We are doing this together with the International Finance Corporation, and the International Bar Association is also engaged. Hopefully, it will be up and running, at least the beta version, by early next year, and it will become a permanent feature of the remedy landscape.

I'm sorry I've gone on for a long time.

The very first time I ever made any remarks on this mandate I was asked to describe my approach to this, and I called it principled pragmatism. It is driven by principle, the principle that we need to strengthen the human rights regime to better respond to corporate-related human rights challenges and respond more effectively to the needs of victims. But it is utterly pragmatic in how to get from here to there. The determinant for choosing alternative paths is which ones provide the best mix of effectiveness and feasibility. That is what we have been trying to do with this mandate since 2005.

Questions and AnswersDEVIN STEWART: Thank you so much, John. That's fantastic. I think we just witnessed a classic business and human rights lecture right here at the Carnegie Council.
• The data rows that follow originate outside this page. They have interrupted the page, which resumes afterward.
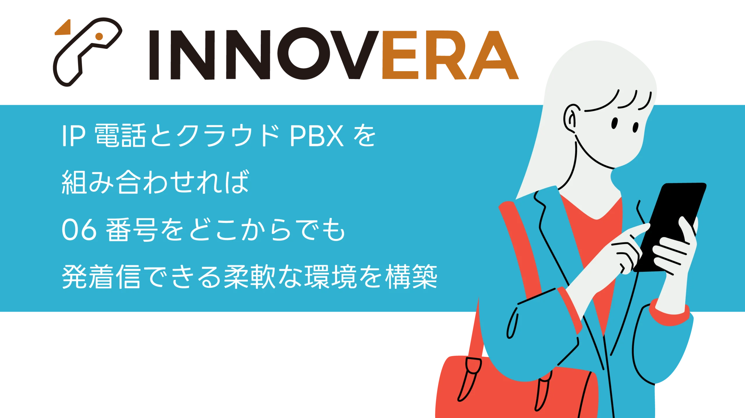 当社では、IP電話サービス「IP-Line」に加えて、クラウドPBX「INNOVERA」も提供しています。両サービスを組み合わせることで、06番号の発着信をクラウド上で一元的に管理でき、スマ-トフォン・PC・SIP電話機から全国どこからでも06番号を利用できる環境を構築できます。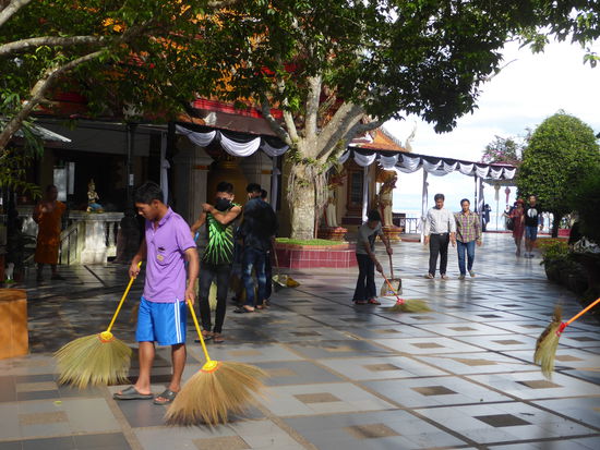 Auf dem Weg zum Aussichtspunkt begegne ich ein paar Burschen. Unter der strengen Aufsicht eines Mönchs wischen sie den Boden. Sie schwenken dabei ihre Besen und verteilen, was auch immer sich auf dem Boden befindet in alle Winde. Einer versucht dann, ein paar Blätter mit seiner Schaufel aufzufangen. Es ist offensichtlich, dass das Resultat nicht passt und so schimpft denn der Mönch hinter ihnen her.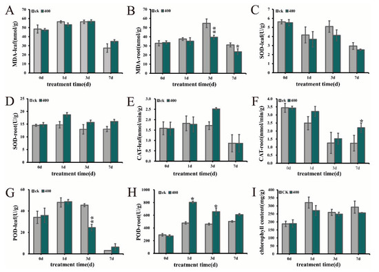 Effects of aluminum stress on ROS and chlorophyll. (A–H) Changes of ROS in leaves and root tips. (I) Chlorophyll content change. The error line represents the average ± SD of the three organisms. The * above the column chart shows that the content of elements between the two samples was significant (Students’ t-test, * p < 0.05, ** p < 0.01).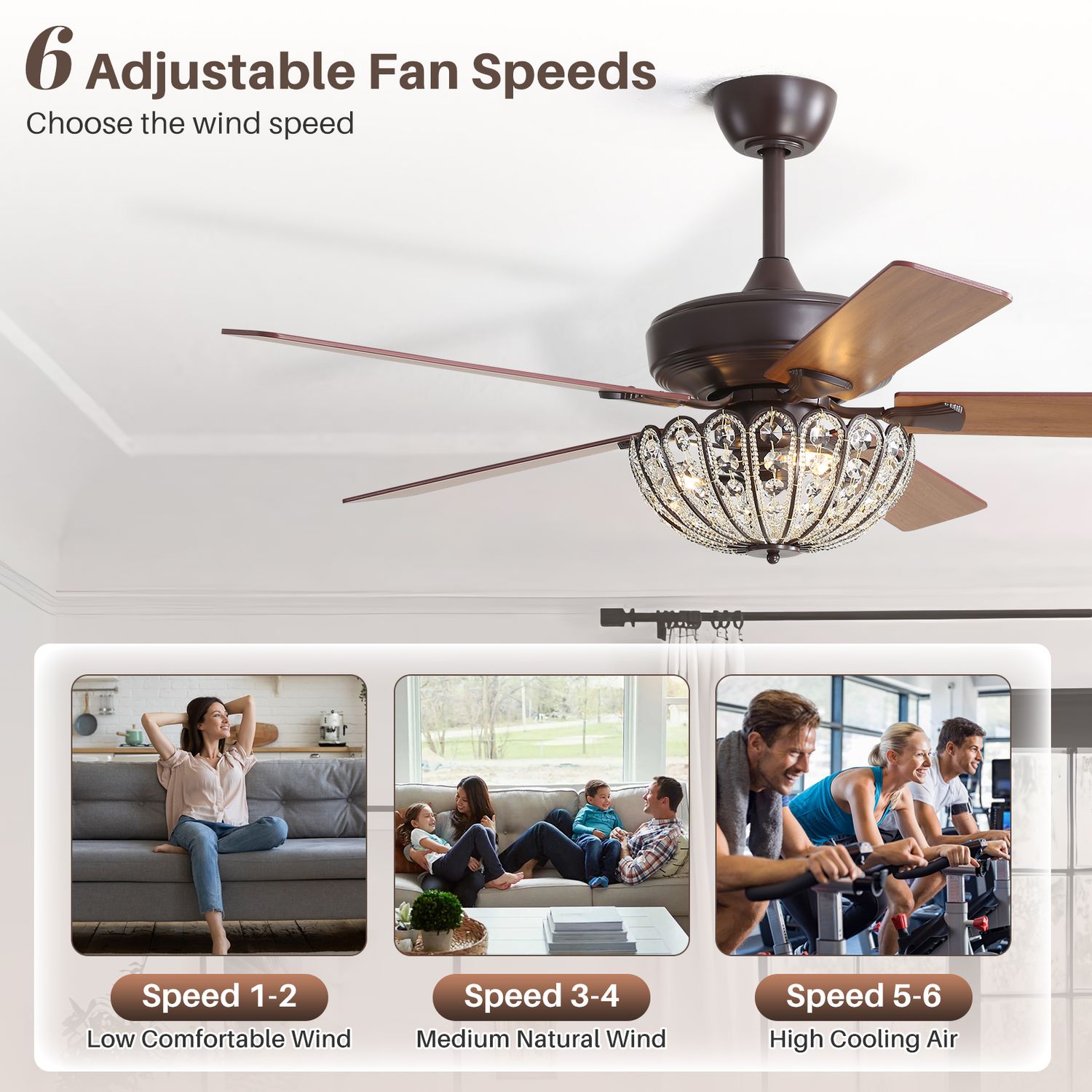 All Sofucor fans are built with 6-speed DC motors, typically more efficient and quiet while working, 75% more efficient than traditional AC motors.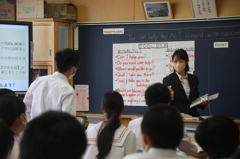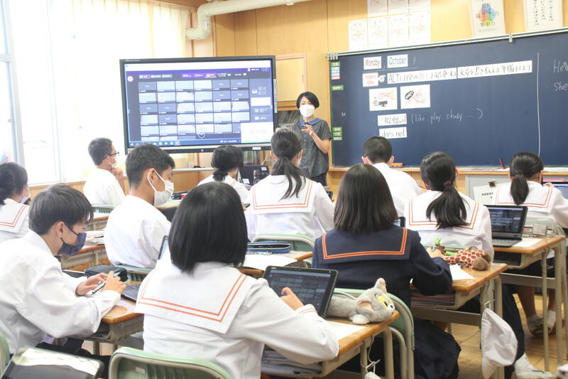 本校は、1年3組、2年3組、3年3組の英語の授業を公開し、市内から多くの先生方に参観していただきました。

Thank you very much, Professor Ruggie.

I don't know if you got into the bilateral investment treaties themselves, but we have an event happening next week, a political event. The presidential election is coming up.
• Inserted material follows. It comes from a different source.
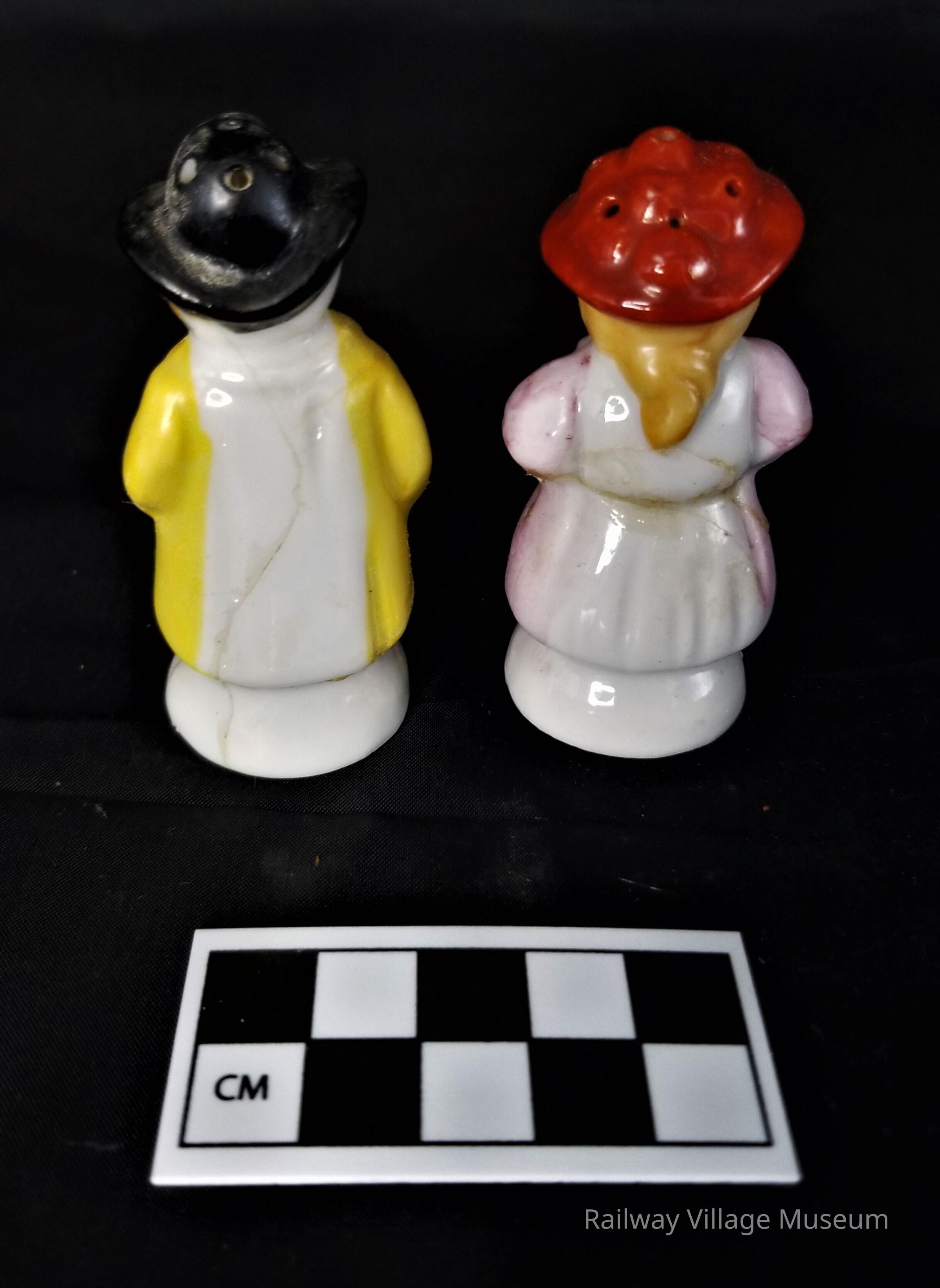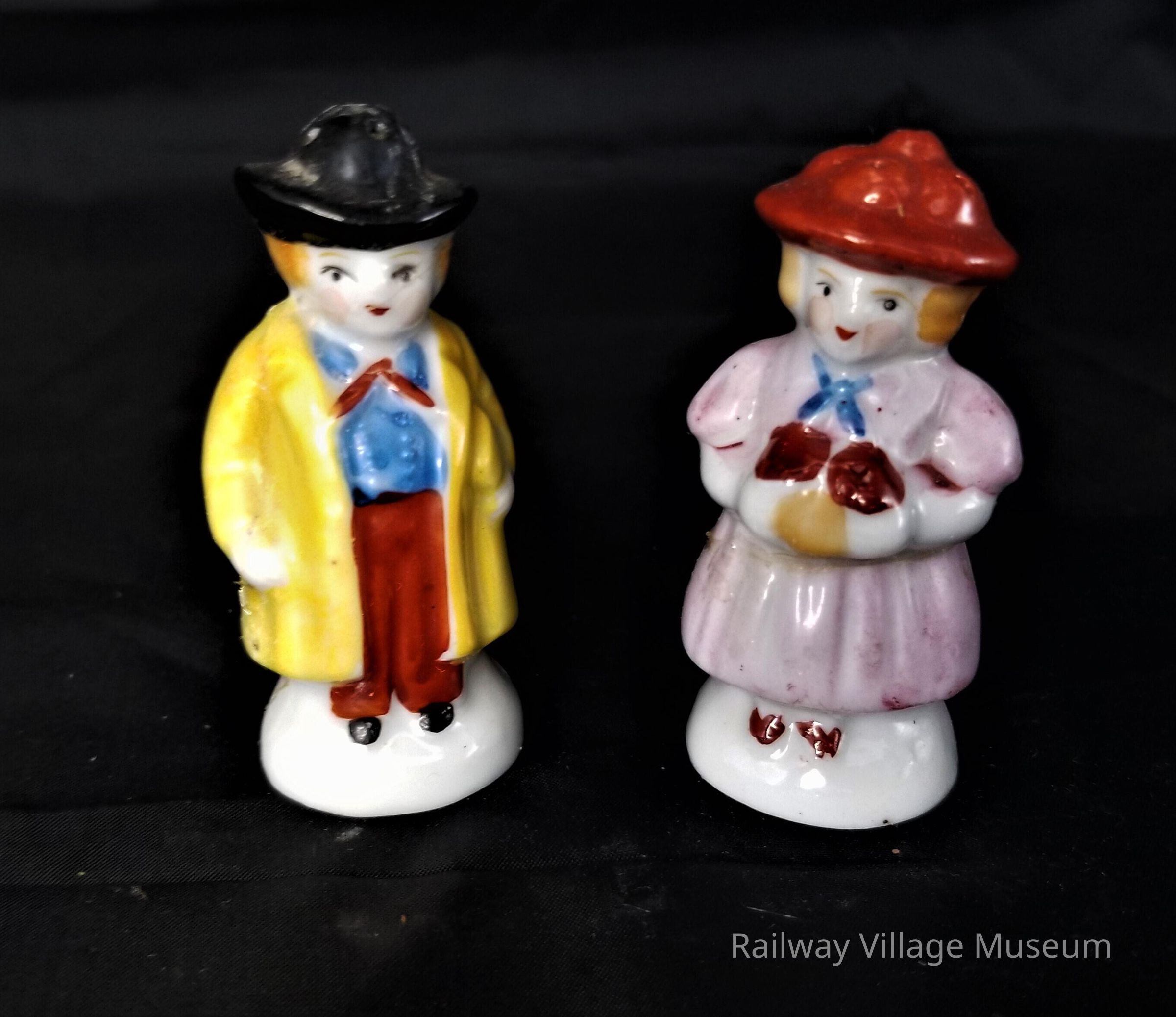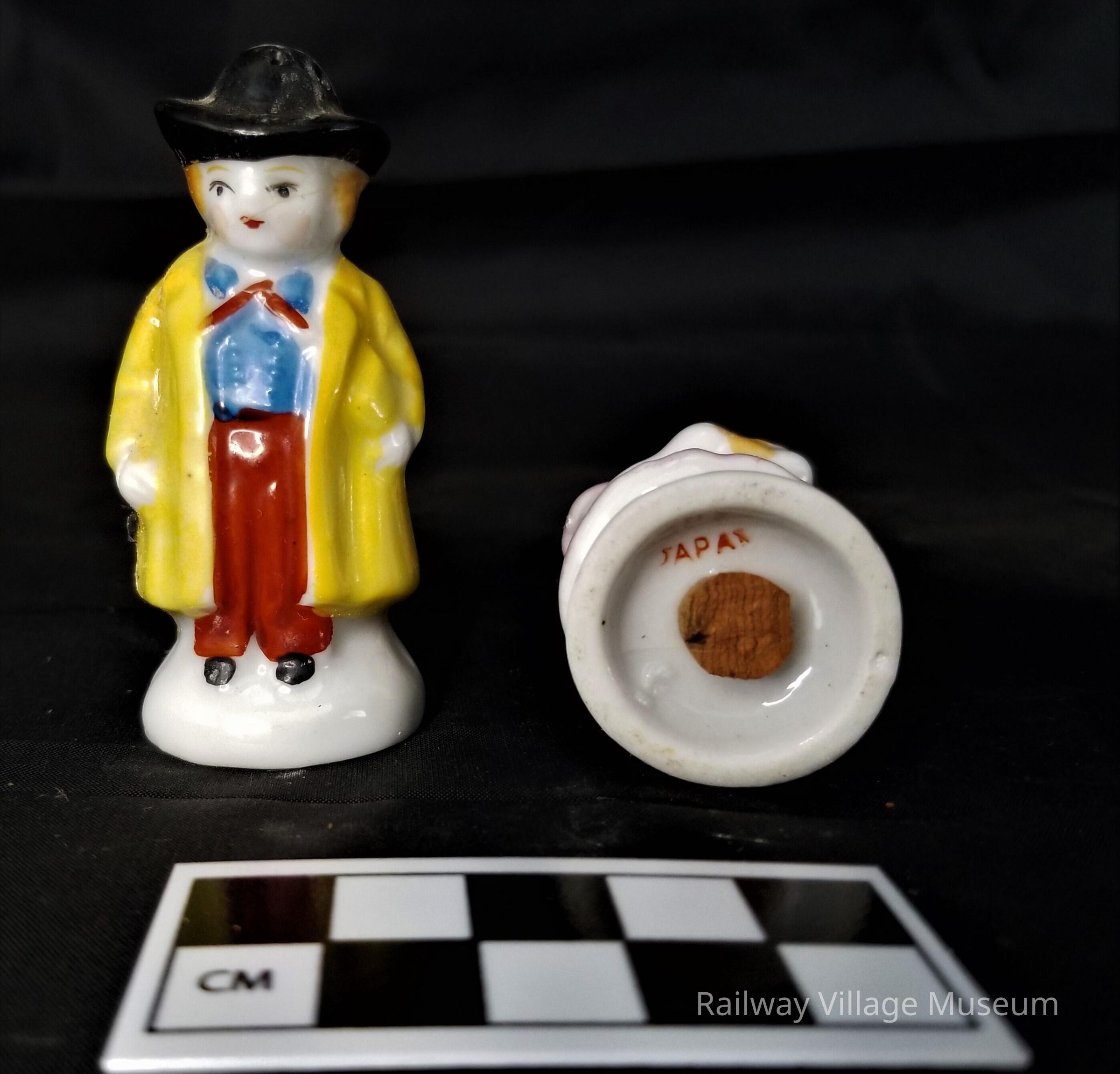 Mid-century ceramic shakers made in Japan. Hand-painted Colonial-style couple. Back of character minimally painted. Cork stoppers in place. Cracks noticeable on both. Possible repairs in both.

JOHN RUGGIE: Yes, I heard about that.

DEVIN STEWART: There could be a new regime coming up in the United States that might look at free trade agreements, economic partnership agreements, and bilateral investment treaties.

Does your work apply to those types of policy instruments and do you have advice for the next administration?
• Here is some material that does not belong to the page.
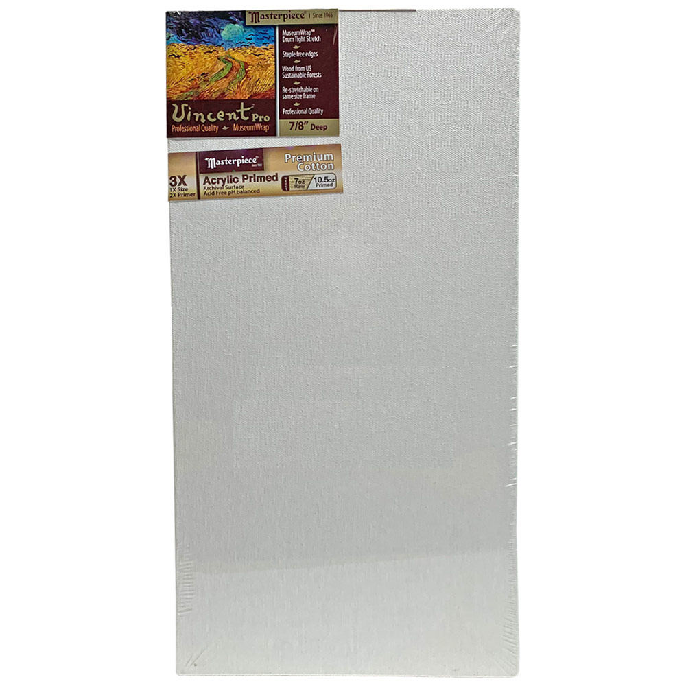 Vincent Pro means a 7/8" deep canvas that is stretched using Masterpiece's MuseumWrap back-stapled method with folded corners. Their proprietary stretching process uses pneumatically controlled machines that Masterpiece built to yield drum-tight tension. Up to 50% tighter than other methods.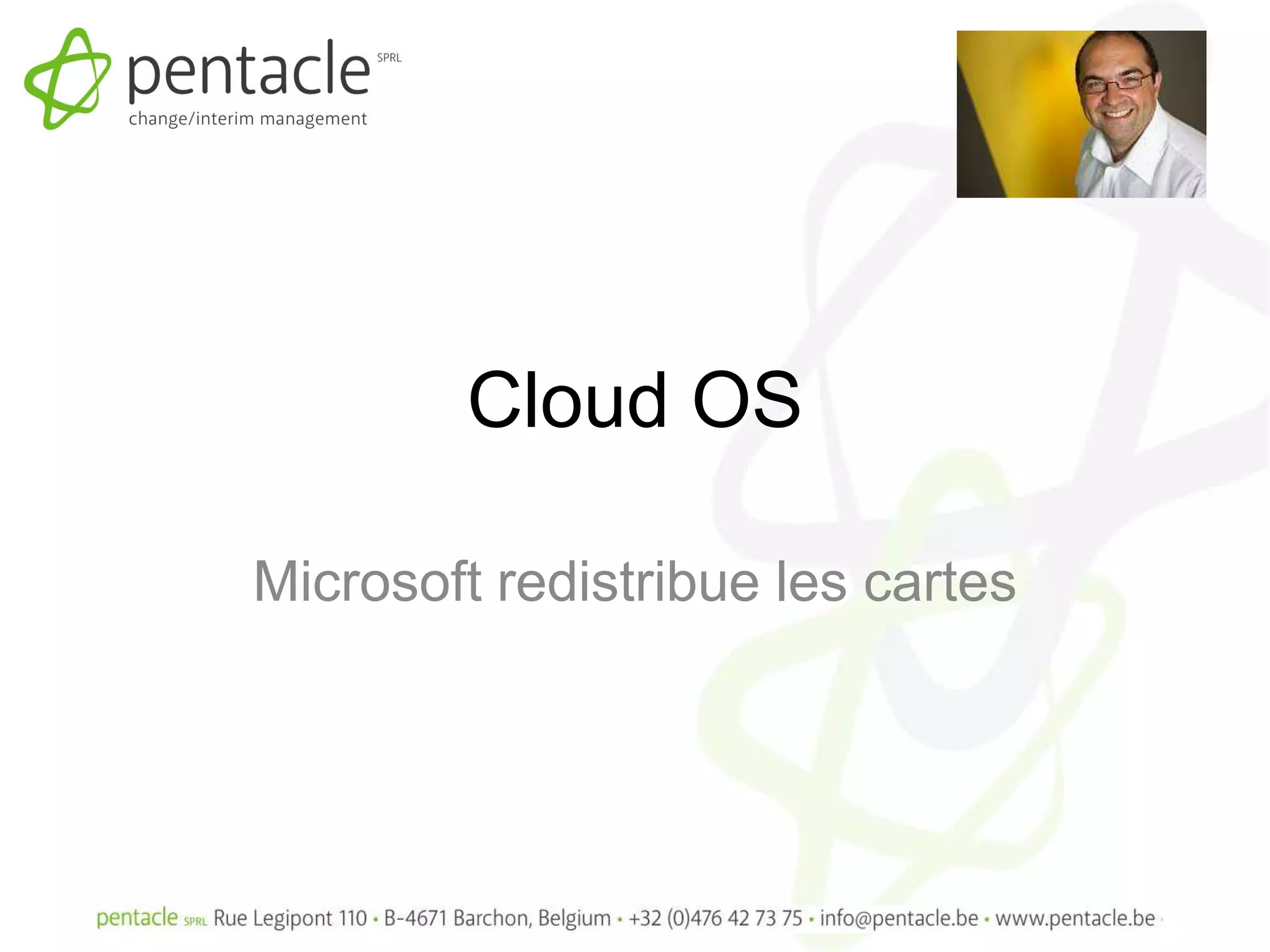 Le document présente une réflexion sur le 'Cloud OS', détaillant son évolution, ses caractéristiques et son utilisation dans le contexte des systèmes d'exploitation modernes, notamment ceux proposés par Microsoft. Alain Leroy, expert en technologies, aborde les implications du Cloud OS dans les entreprises, incluant des aspects comme la virtualisation et la gestion des identités. L'approche de Microsoft vis-à-vis du Cloud OS est alignée avec les tendances actuelles d'externalisation et d'utilisation basée sur les services.

JOHN RUGGIE: You know, UN special representatives aren't in the business of advising presidential candidates, although we get to send checks.

I would expect on the trade side, obviously, given everything that has happened, the notion of fair trade, as opposed to free trade, will become more dominant, if you will, although we need to be careful that we don't slip over into a protectionist mode, which the Congress is perfectly capable of doing—they have done it in the past. One of my main concerns there would be not to hurt the development chances of developing countries. But there is no doubt in my mind that something resembling what has been described as fair trade will become more prevalent going forward, both in terms of bilateral trade agreements and also at the multilateral level.

On the regulatory side in general, I certainly believe that the financial sector is going to be more heavily regulated going forward. The sort of shadow banking activities that have gotten us into deep trouble, hopefully, will be brought under better control, and that may have some positive spillover effect into other related policy areas.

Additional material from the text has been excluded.